▶ **Task to complete**: Please print the line that holds "(透明電工電子元件模塊示例圖" and each line after it to the end of the data, word for word, without any pictures.

▶ **Dataset section**:
----------------------------------------
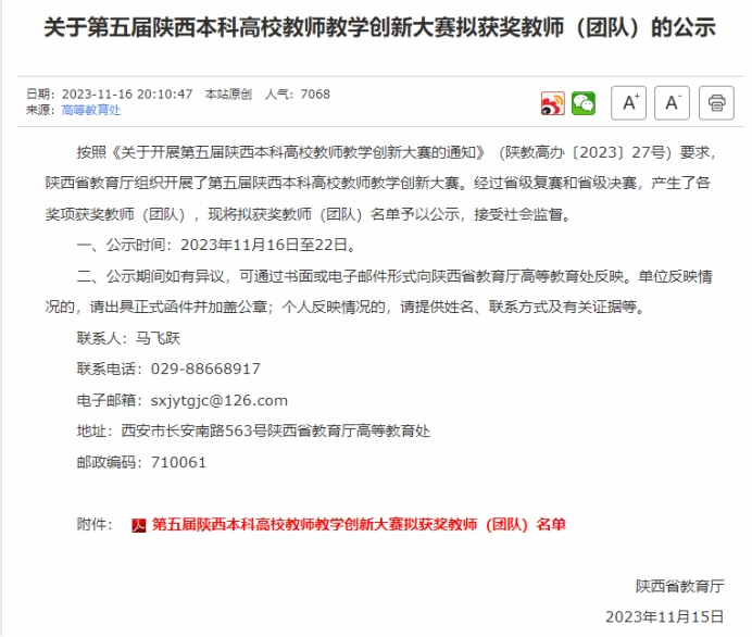 2023年11月16日,陕西省教育厅公布了第五届陕西本科高校教师教学创新大赛获奖教师名单,91猫先生
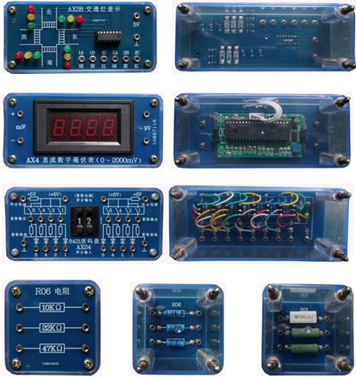 (透明電工電子元件模塊示例圖,共9塊板,140多只透明有機(jī)塑料封閉元件盒)
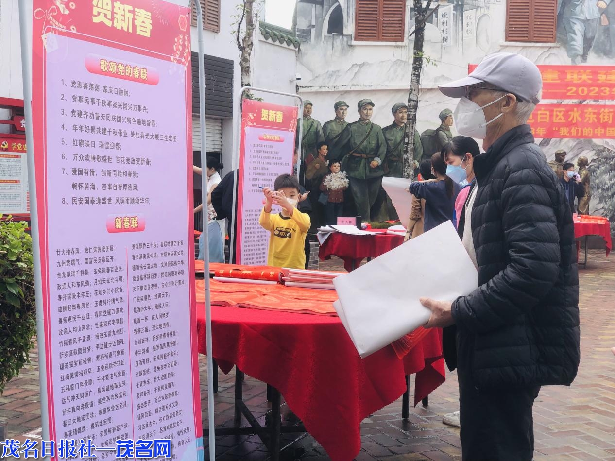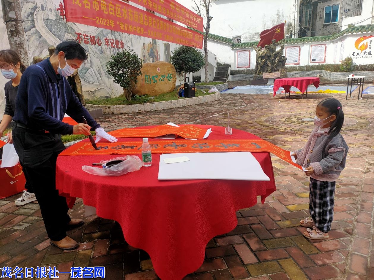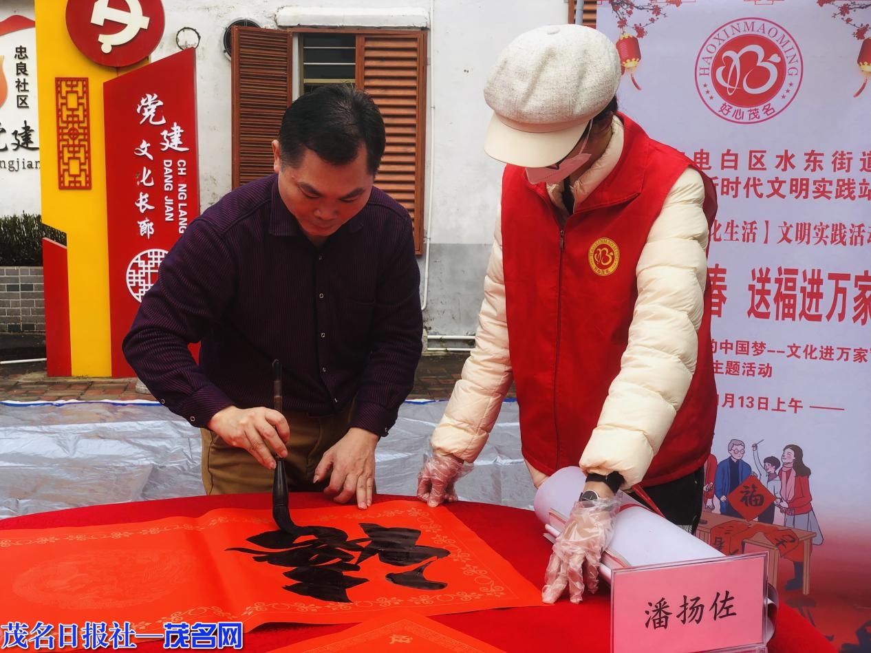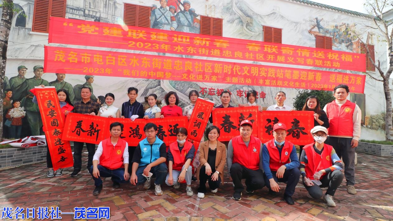 为丰富居民群众精神文明生活,弘扬中华民族优秀传统文化,让党的二十大精神深入群众、深入人心,1月13日上午,电白区水东街道忠良社区党委、社区新时代文明实践站联合社区“双报到”单位在社区党史园开展“党建联建迎新春·春联寄情送祝福”义写春联活动。
----------------------------------------
▶ **Final answer**:
 (透明電工電子元件模塊示例圖,共9塊板,140多只透明有機(jī)塑料封閉元件盒)
 为丰富居民群众精神文明生活,弘扬中华民族优秀传统文化,让党的二十大精神深入群众、深入人心,1月13日上午,电白区水东街道忠良社区党委、社区新时代文明实践站联合社区“双报到”单位在社区党史园开展“党建联建迎新春·春联寄情送祝福”义写春联活动。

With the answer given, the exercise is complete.